== TRY IT ==
Copy out, unchanged, the entries below from the "По окончании чтения" line to the final line. Omit pictures.

(Data items)
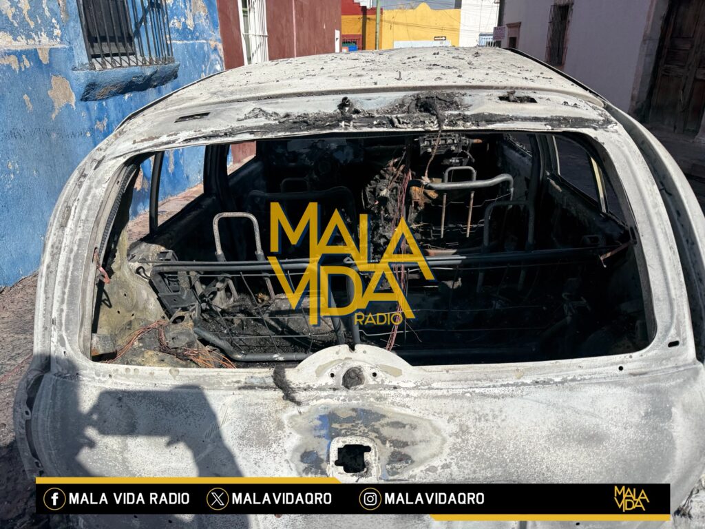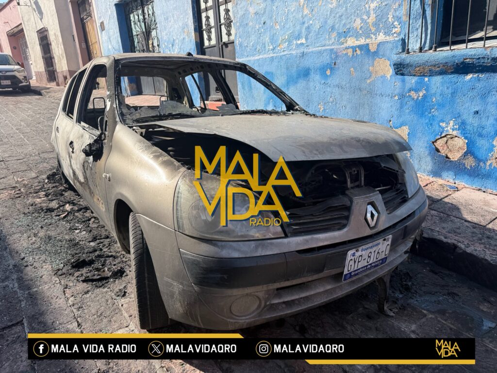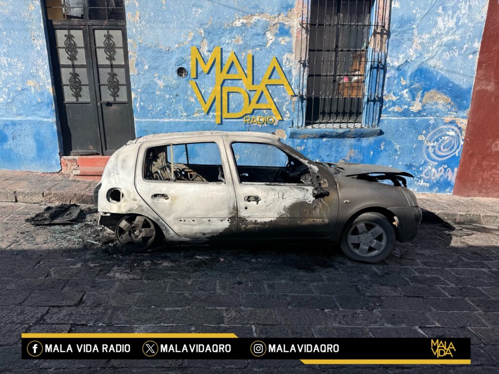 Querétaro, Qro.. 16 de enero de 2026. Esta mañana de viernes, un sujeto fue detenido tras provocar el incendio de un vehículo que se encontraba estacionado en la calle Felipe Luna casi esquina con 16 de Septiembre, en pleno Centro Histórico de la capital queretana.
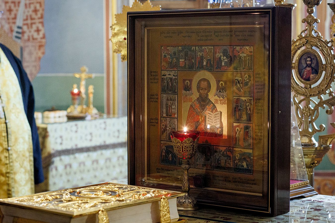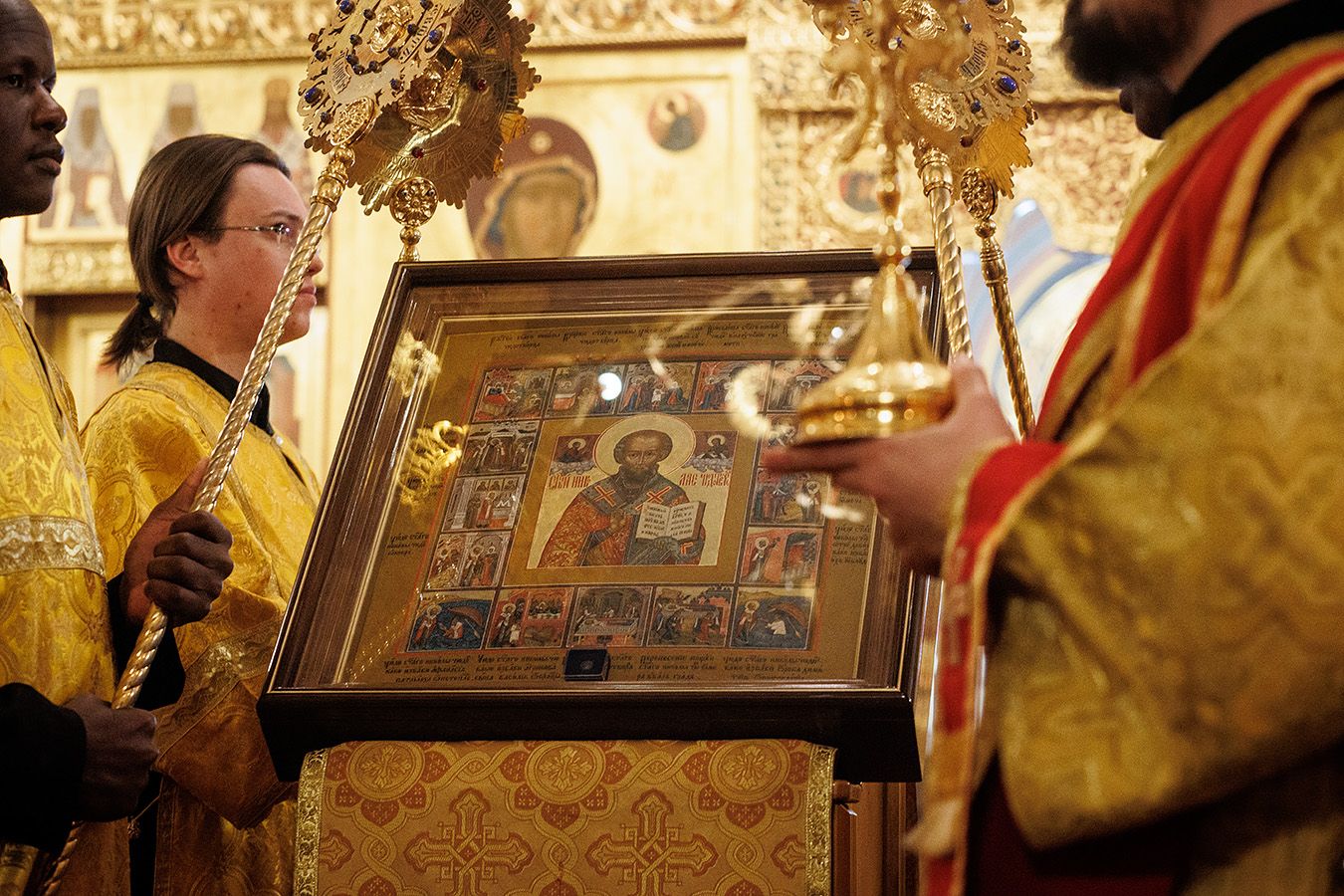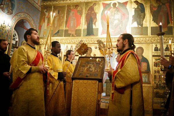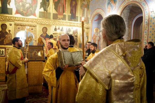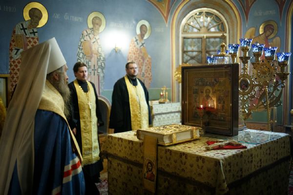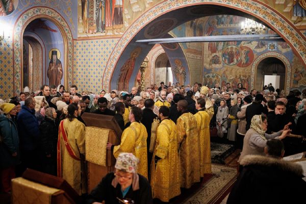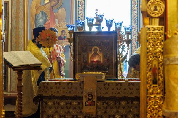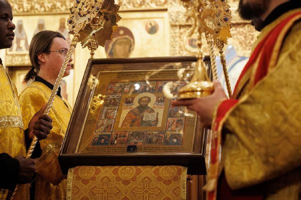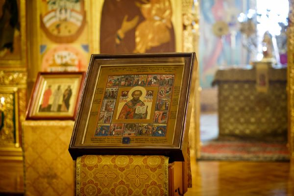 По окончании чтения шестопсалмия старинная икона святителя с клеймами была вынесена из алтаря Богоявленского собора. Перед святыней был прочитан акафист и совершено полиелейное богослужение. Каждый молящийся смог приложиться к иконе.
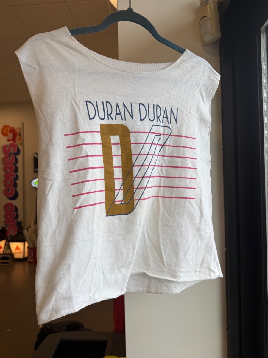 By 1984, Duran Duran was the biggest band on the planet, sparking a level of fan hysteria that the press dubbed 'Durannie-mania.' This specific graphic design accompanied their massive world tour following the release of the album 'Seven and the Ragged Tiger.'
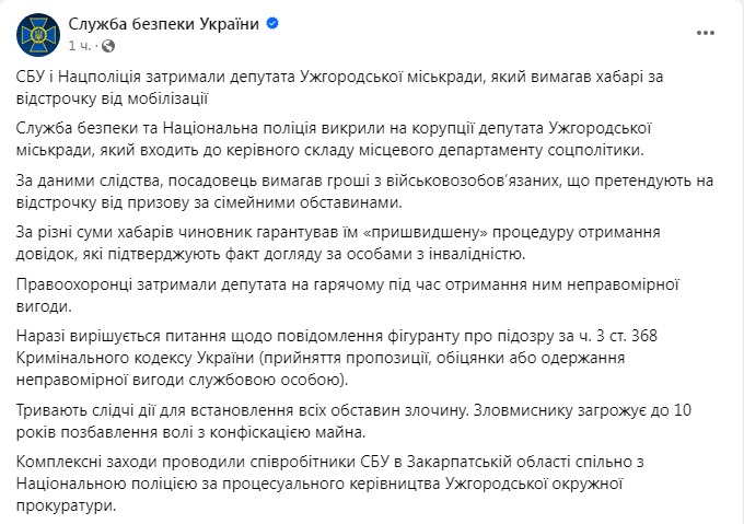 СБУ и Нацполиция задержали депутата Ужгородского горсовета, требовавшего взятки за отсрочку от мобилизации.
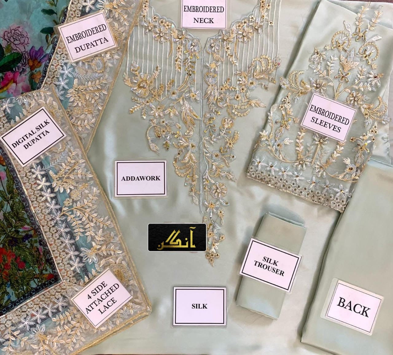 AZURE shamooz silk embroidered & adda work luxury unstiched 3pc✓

== SOLUTION ==
 По окончании чтения шестопсалмия старинная икона святителя с клеймами была вынесена из алтаря Богоявленского собора. Перед святыней был прочитан акафист и совершено полиелейное богослужение. Каждый молящийся смог приложиться к иконе.
 By 1984, Duran Duran was the biggest band on the planet, sparking a level of fan hysteria that the press dubbed 'Durannie-mania.' This specific graphic design accompanied their massive world tour following the release of the album 'Seven and the Ragged Tiger.'
 СБУ и Нацполиция задержали депутата Ужгородского горсовета, требовавшего взятки за отсрочку от мобилизации.
 AZURE shamooz silk embroidered & adda work luxury unstiched 3pc✓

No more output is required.